In fact, in Mani’s view, when the Stone Roses stumbled musically it was because they were not enough funky. Fools Gold’s disappointing successor One Love was underwhelming, he proposed, because it “could have swung, it’s a somewhat rigid”. He was a staunch defender of their oft-dismissed follow-up record, Second Coming but thought its flaws might have been fixed by removing some of the layers of Led Zeppelin-inspired guitar and “returning to the groove”.
He likely had a point. Second Coming’s scattering of standout tracks often occur during the instances when Mounfield was really given free rein – Daybreak, Love Spreads, the superb Begging You – while on its increasingly sluggish songs, you can hear him metaphorically willing the band to increase the tempo. His performance on Tightrope is completely at odds with the lethargy of all other elements that’s happening on the track, while on Straight to the Man he’s clearly trying to add a some energy into what’s otherwise just some nondescript folk-rock – not a genre one suspects anyone was in a hurry to hear the Stone Roses give a try.
His efforts were unsuccessful: Wren and Squire departed the band in the wake of Second Coming’s release, and the Stone Roses imploded completely after a disastrous top-billed performance at the 1996 Reading festival. But Mani’s next gig with Primal Scream had an remarkably energising impact on a band in a slump after the tepid response to 1994’s rock-y Give Out But Don’t Give Up. His sound became dubbier, heavier and more distorted, but the groove that had given the Stone Roses a point of difference was still present – particularly on the laid-back funk of the 1997 single Kowalski – as was his ability to bring his playing to the front. His percussive, hypnotic low-end pattern is very much the star turn on the brilliant 1999 single Swastika Eyes; his playing on Kill All Hippies – like Swastika Eyes, a highlight of Xtrmntr, easily the finest album Primal Scream had produced since Screamadelica – is superb.

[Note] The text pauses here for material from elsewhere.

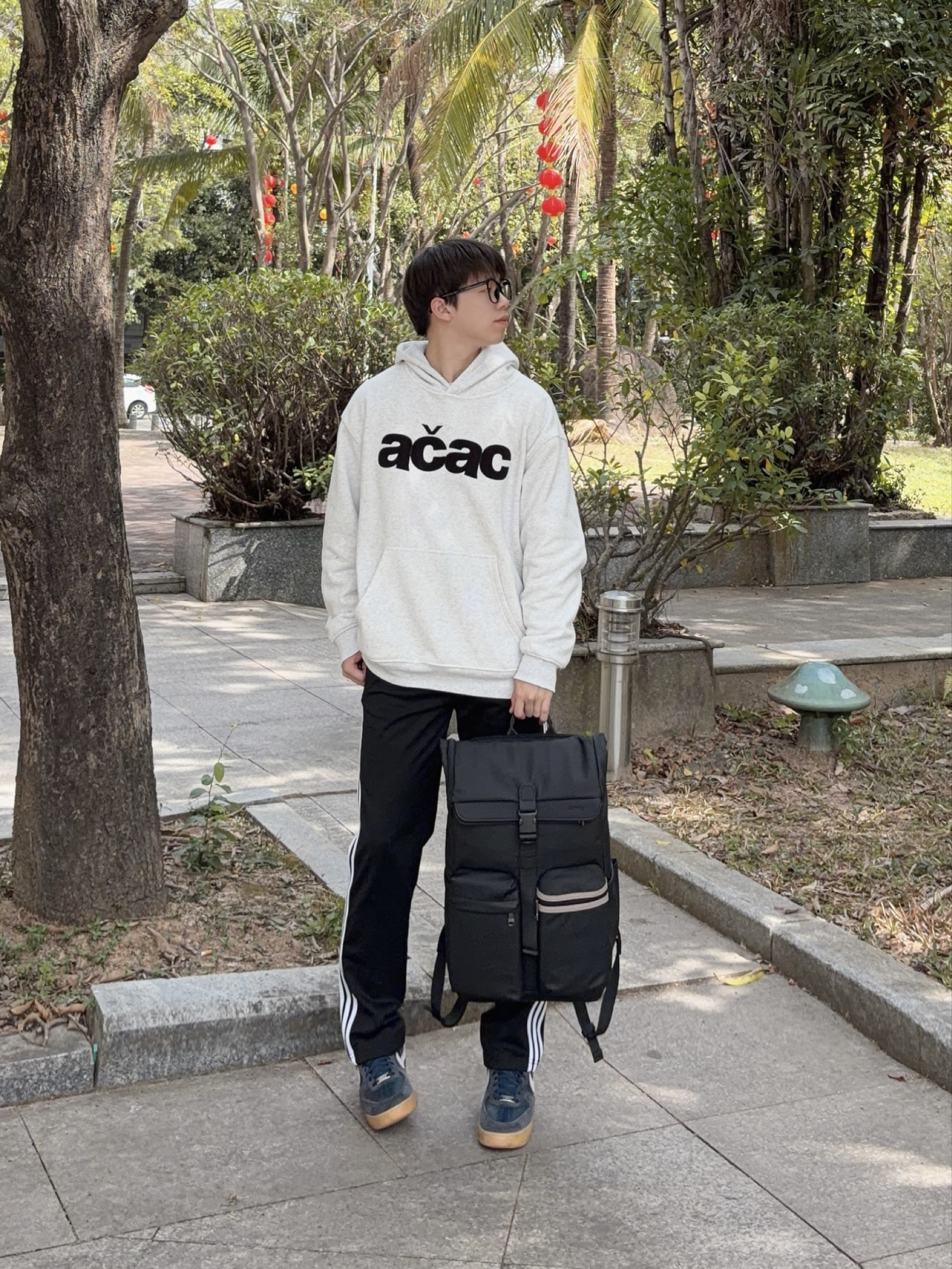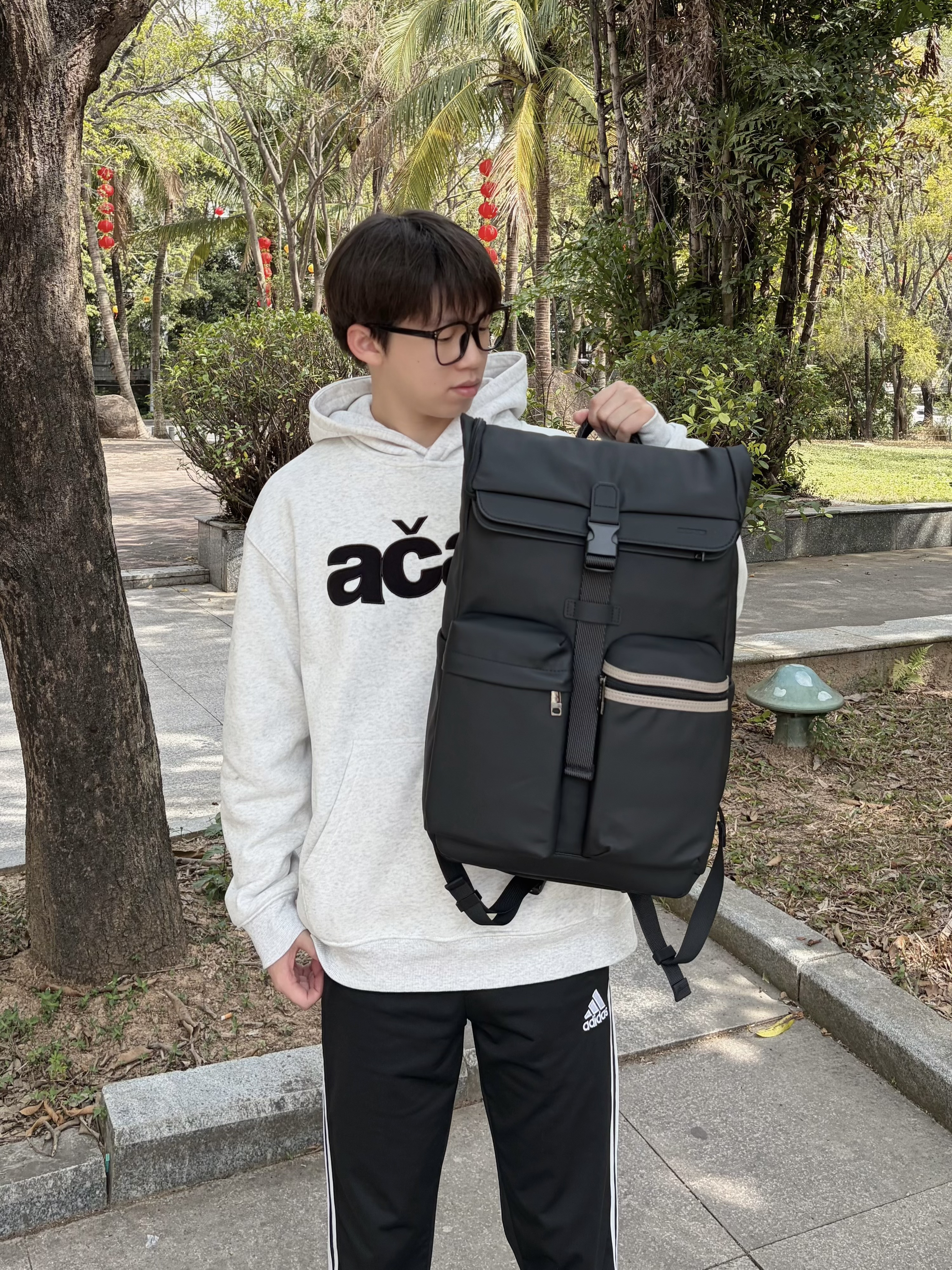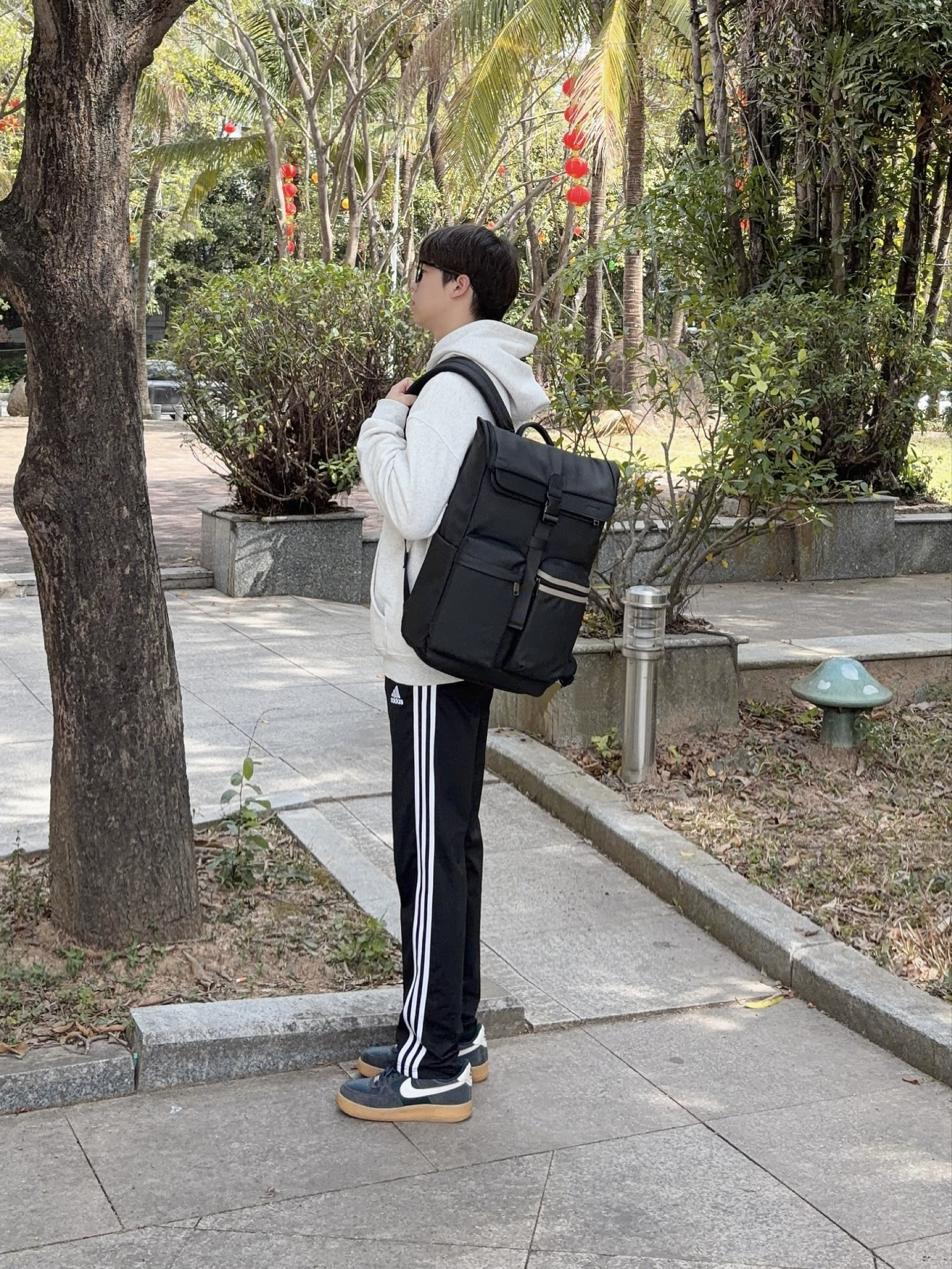 秋冬总需要一只靠谱的双肩包 博牌 BOPAI 这只黑色织物包🎒 卷顶设计利落又能装🔥 两个前袋放得下随身小物📖 轻商务风拉满 肩带背着也舒服 搭一件浅灰连帽卫衣👔和黑运动裤👖 日常通勤&短途出行一只包就够了🚶

Always an friendly, clubbable figure – the author John Robb once observed that the Stone Roses’ aloofness towards the press was always punctured if Mani “became more relaxed” – he took the stage at the Stone Roses’ 2012 comeback show at Manchester’s Heaton Park using a customised bass that bore the legend “Super-Yob”, the nickname of Slade’s outrageously styled and constantly grinning guitarist Dave Hill. Said reformation failed to translate into anything beyond a lengthy series of extremely profitable concerts – two fresh tracks put out by the reformed quartet only demonstrated that any spark had existed in 1989 had turned out impossible to recapture nearly two decades later – and Mani quietly announced his retirement in 2021. He’d made his money and was now more concerned with fly-fishing, which furthermore provided “a good reason to go to the pub”.
Perhaps he felt he’d achieved plenty: he’d certainly made an impact. The Stone Roses were influential in a variety of ways. Oasis undoubtedly took note of their confident attitude, while the 90s British music scene as a whole was shaped by a aim to transcend the standard commercial constraints of alternative music and attract a more general public, as the Roses had done. But their most obvious immediate influence was a kind of rhythmic change: following their early success, you abruptly couldn’t move for alternative acts who aimed to make their fans dance. That was Mani’s musical raison d’être. “It’s what the bass and drums are for, aren’t they?” he once averred. “That’s what they’re for.”